What Is the Attorney General's Determination Regarding Italy and Why?

    Italy will continue to be designated as a VWP country without 
change. Overall, the efforts of the Government of Italy to advance the 
law enforcement, security, and extradition interests of the United 
States were found to be satisfactory. Abuse of the VWP by Italian 
nationals appears to be minor.

What Is the Attorney General's Determination Regarding Portugal and 
Why?

    Portugal will continue to be designated as a VWP country. It should 
be noted, however, that the evaluation raised concerns about the 
timeliness of reporting of lost or stolen passports by the Government 
of Portugal. The Department of State will take appropriate action to 
address those concerns with the Government of Portugal.

What Is the Attorney General's Determination Regarding Uruguay and Why?

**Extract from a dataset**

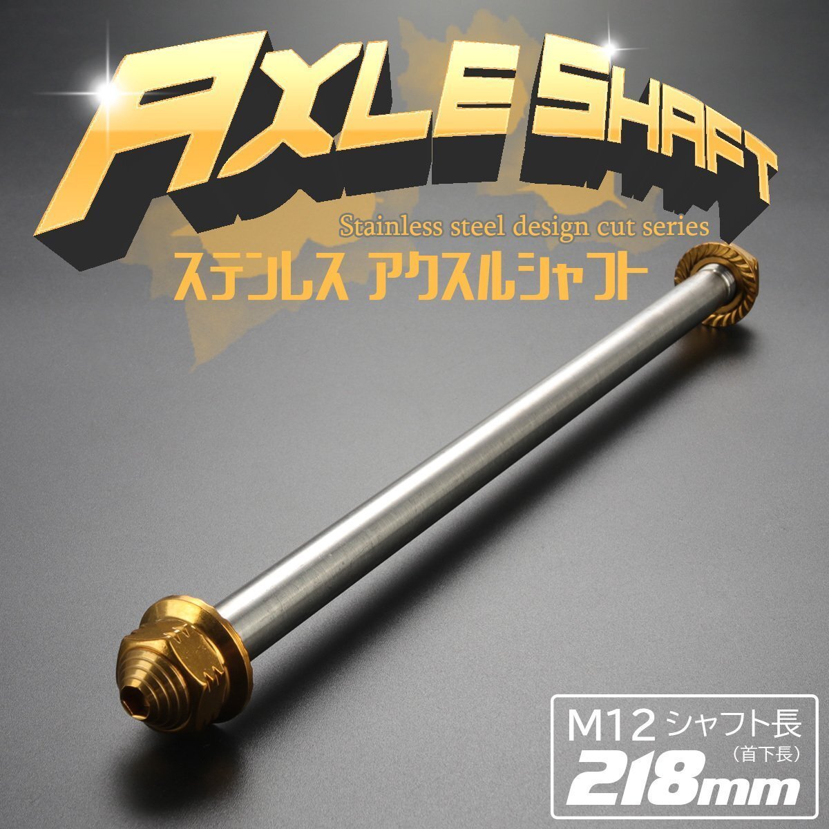> 汎用 アクスルシャフト M12 シャフト長218mm ゴールド SUS304 ステンレス カスタム アクスルナット付き TH0356

    Effective April 15, 2003, Uruguay will be terminated from the VWP 
because Uruguay's participation in the VWP is inconsistent with the 
U.S. interest in enforcing the immigration laws of the United States.
    Uruguay's program designation appears to facilitate high-risk 
travel to the United States. Between 1998 and 2001, Uruguayan 
nonimmigrant travel to the United States increased

[[Page 10956]]

approximately 15%, while the number of U.S. port-of-entry intercepts 
increased approximately 320%. In 2002, Uruguayan nationals were two to 
three times more likely than all nonimmigrants on average to have been 
denied admission at the border.
    In Fiscal Year (``FY'') 2001, there were 16,878,477 visits to the 
United States from citizens of the 29 VWP countries. Of that total, 
72,915 visits were from Uruguayan citizens. In FY 2001, 151 Uruguayans 
were denied admission to the United States. In FY 2001, the INS 
confirmed that 1,194 Uruguayans had overstayed before departing the 
U.S.
    The termination of Uruguay in the VWP is based on the significant 
increase in the number of inadmissible Uruguayans seeking admission to 
the United States since Argentina was terminated from the VWP on 
February 21, 2002. For the past three years Uruguay has experienced a 
recession that has caused its citizens to seek to use the VWP to live 
and work illegally in the United States. Uruguayan air arrivals had an 
apparent overstay rate of 37%, more than twice the rate of the average 
apparent overstay rate for all air arrival nonimmigrants (14.9%).
    In May 2001, the United States Government notified the Government 
of Uruguay of its concerns regarding Uruguayan abuse of the VWP. 
Notwithstanding the efforts of the Government of Uruguay, the number of 
Uruguayan nationals intercepted more than doubled from 151 in FY 2001 
to 356 in FY 2002.
    Accordingly, the Attorney General is terminating Uruguay's 
participation in the VWP under sections 217(c)(5)(A)(i)(II) of the 
Immigration and Nationality Act (8 U.S.C. 1187(c)(5)(A)(i)(II)). This 
section authorizes the Attorney General, in consultation with the 
Secretary of State, to terminate a country's VWP designation after the 
periodic evaluation. The abuse of the VWP by Uruguayan nationals 
seeking to remain permanently in the United States is inconsistent with 
the enforcement of U.S. immigration laws. The Attorney General also is 
rescinding the designation of Uruguay under section 217(d) of the 
Immigration and Nationality Act (8 U.S.C. 1187(d)), which permits the 
Attorney General, in consultation with the Secretary of State, to 
rescind any designation ``for any reason.''

What Is the Legal Status of a Uruguayan National Who Was Admitted to 
the United States Under the VWP Before April 15, 2003, and Who Has Time 
Remaining on His or Her Period of Admission?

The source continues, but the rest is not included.